◆ **STUDY MATERIAL**:
* * *
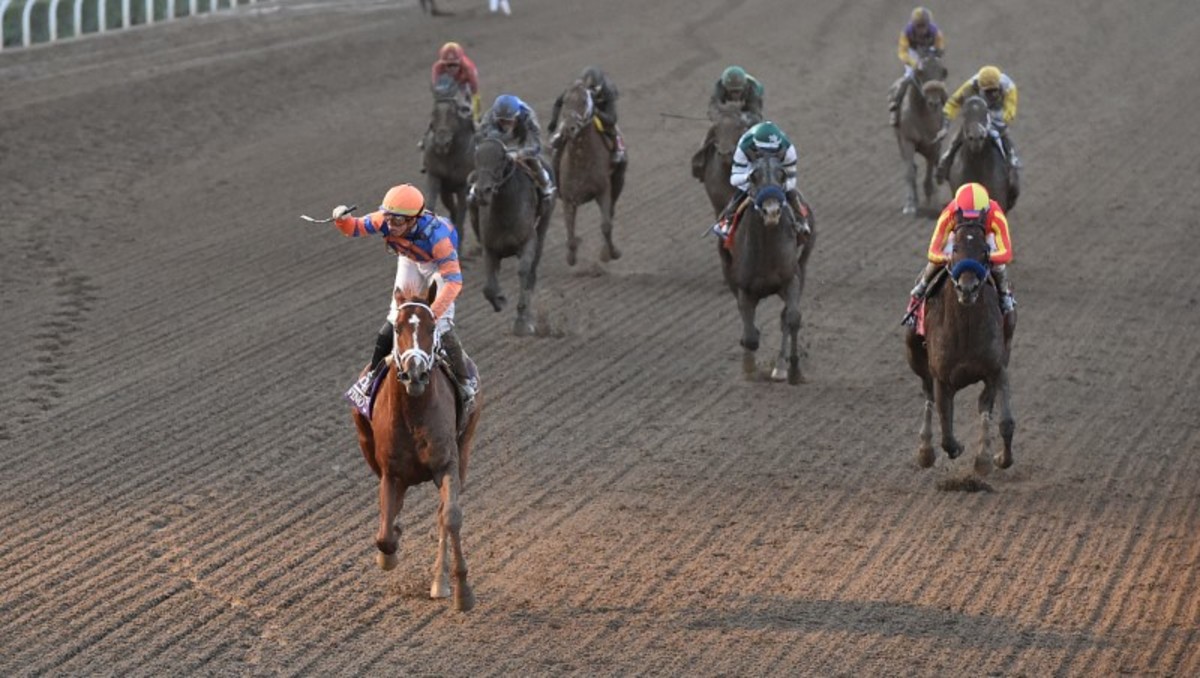 Mongolian Groom (15-1) was in contention early in the 11-horse race on the fast dirt surface but slowed near the top of the final stretch.
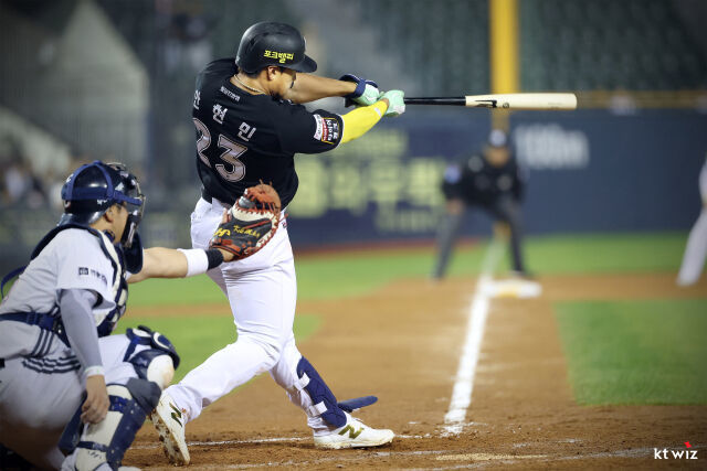 KT는 9회 마지막 기회를 잡았다. 3-5에서 황재균이 선두타자 안타를 치고 나갔다. 강백호는 좌익수 뜬공으로 아웃됐다. 4번 타자 로하스가 타석에 들어섰다. 대기 타석에는 안현민이 대기했다. 안현민까지 타석이 연결된다면 분위기상 경기는 알 수 없었다. 하지만 로하스의 잘 맞은 타구가 1루수 최주환의 글러브에 빨려 들어갔다. 1루 주자 황재균은 움직일 수 없었고, 그대로 최주환이 1루를 밟으며 포스 아웃됐다.
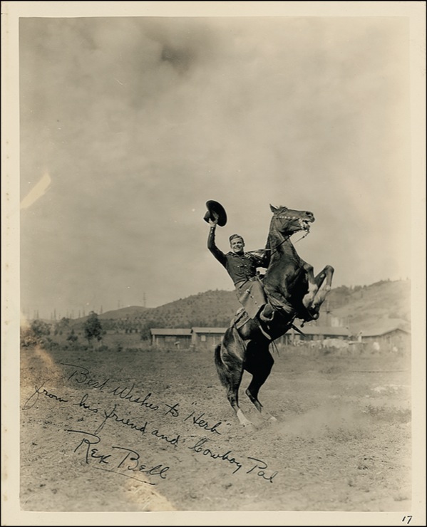 Vintage glossy 8 x 10 photo, signed and inscribed in fountain pen, “Best wishes to Herb from his friend and cowboy pal Rex Bell.” A few small creases and dings and printing irregularities resulting in light spots to background, otherwise fine condition. R&R COA.
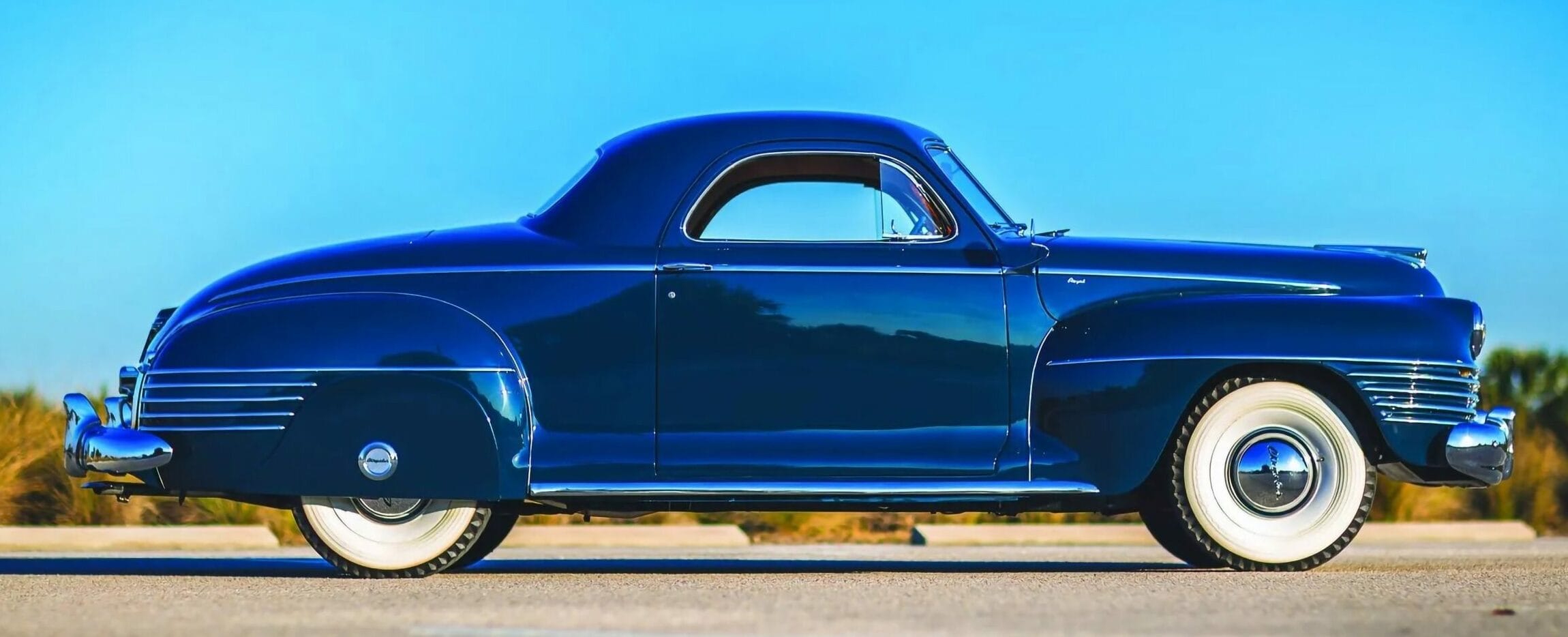 La seconde guerre mondiale en est à la suprématie Nazie et Nippone et voilà qu’en pleine guerre mondiale cette Chrysler Royal Business émerge silencieusement du brouillard, élégante et bouillonnant d’une menace silencieuse. Cette Chrysler est comme le Cuirassé Iowa, regorge d’obus, de torpilles et d’un niveau qui lui permet de poursuivre sa mission, alors qu’il parcourt les mers…Alors, qu’est-ce que cela a à voir avec le Coupé d’affaires réalisé à faible production destiné aux voyageurs de commerce, construit en début du second conflit mondial au cours d’une année de production qui a été écourtée par l’explosion de la guerre ? Pour le propriétaire de cette Chrysler Royal 1942 coupé d’affaires à trois passagers, sa voiture est l’une des 479 produites et cela signifie tout, d’autant plus que 1942 est l’année de sa naissance…
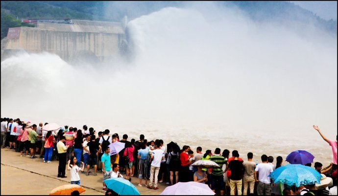 河小浪底调水调沙从2002年开始,每年都会吸引数百万中外游客前来游览。
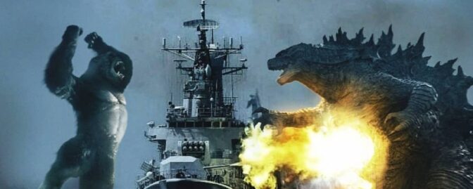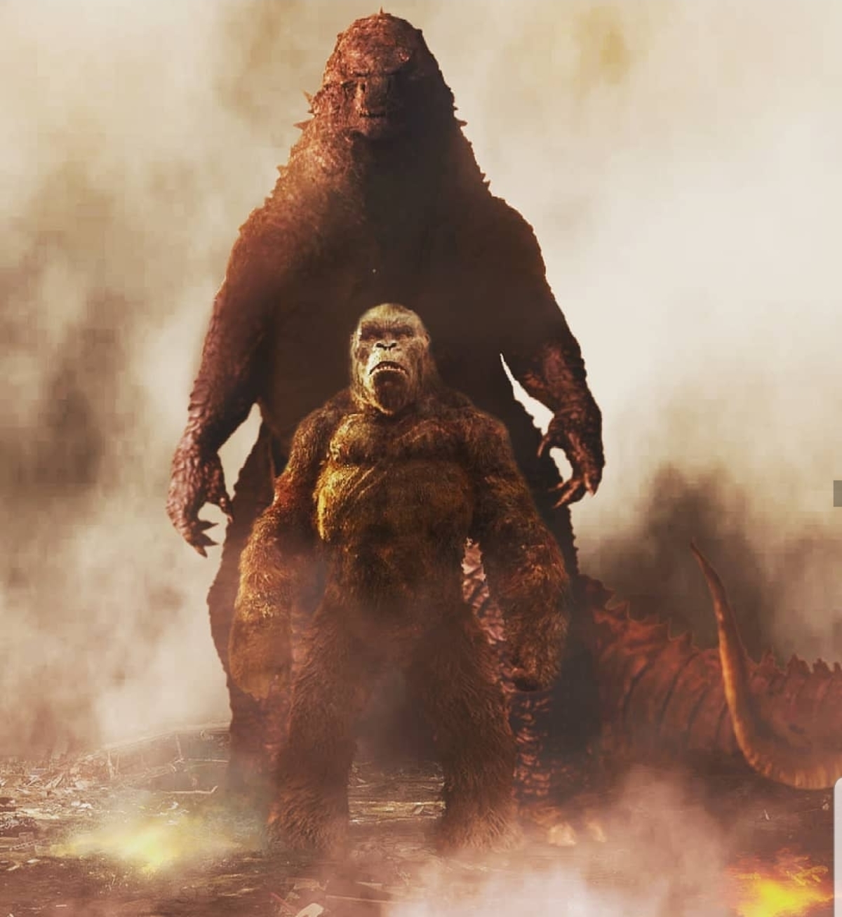 Bilderna kommer från sajten Godzilla-Movies.com och är skapade av en konstnär vid namn Victor MC (se fler på hans Instagram). Det är alltså inget officiellt material utan s.k. fan art. I Monsterverse-filmerna vet vi att Godzilla och Kong är ungefär lika stora, vilket bäddar för en mera jämn fight.
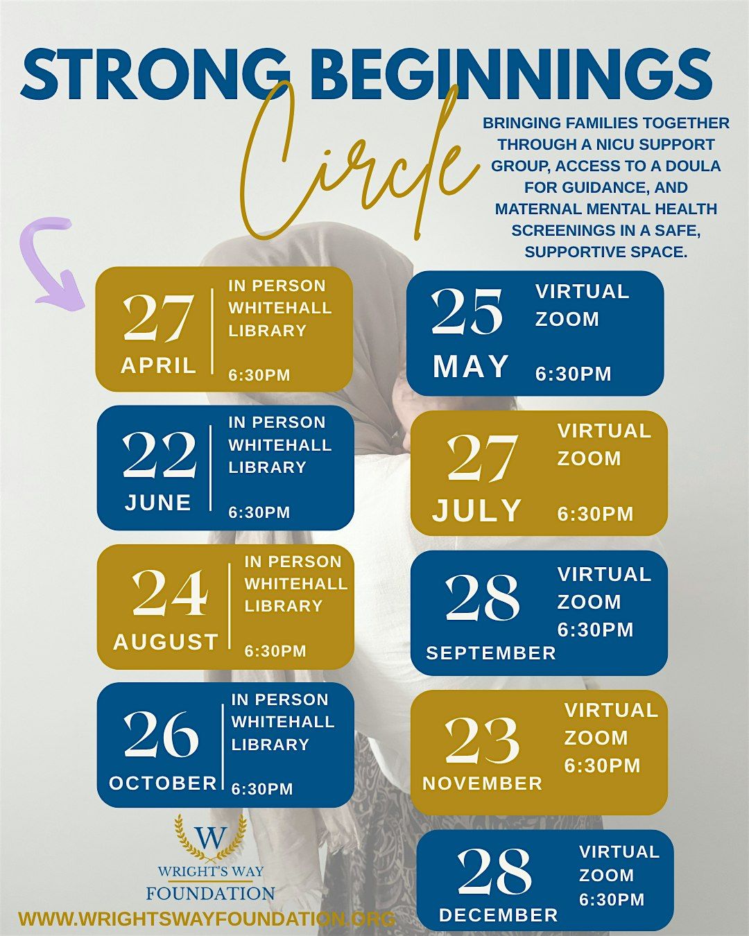 At Wright’s Way Foundation, we believe no family should navigate the NICU or postpartum journey alone. The Strong Beginnings Circle is designed to bring families together in a safe, supportive environment while connecting them to meaningful resources and care.
* * *
◆ **BRIEF**: Starting with the line that contains "La seconde guerre", print every remaining line of the records above, exactly as it stands. Do not print the pictures.

◆ **WRITTEN REPLY**:
 La seconde guerre mondiale en est à la suprématie Nazie et Nippone et voilà qu’en pleine guerre mondiale cette Chrysler Royal Business émerge silencieusement du brouillard, élégante et bouillonnant d’une menace silencieuse. Cette Chrysler est comme le Cuirassé Iowa, regorge d’obus, de torpilles et d’un niveau qui lui permet de poursuivre sa mission, alors qu’il parcourt les mers…Alors, qu’est-ce que cela a à voir avec le Coupé d’affaires réalisé à faible production destiné aux voyageurs de commerce, construit en début du second conflit mondial au cours d’une année de production qui a été écourtée par l’explosion de la guerre ? Pour le propriétaire de cette Chrysler Royal 1942 coupé d’affaires à trois passagers, sa voiture est l’une des 479 produites et cela signifie tout, d’autant plus que 1942 est l’année de sa naissance…
 河小浪底调水调沙从2002年开始,每年都会吸引数百万中外游客前来游览。
 Bilderna kommer från sajten Godzilla-Movies.com och är skapade av en konstnär vid namn Victor MC (se fler på hans Instagram). Det är alltså inget officiellt material utan s.k. fan art. I Monsterverse-filmerna vet vi att Godzilla och Kong är ungefär lika stora, vilket bäddar för en mera jämn fight.
 At Wright’s Way Foundation, we believe no family should navigate the NICU or postpartum journey alone. The Strong Beginnings Circle is designed to bring families together in a safe, supportive environment while connecting them to meaningful resources and care.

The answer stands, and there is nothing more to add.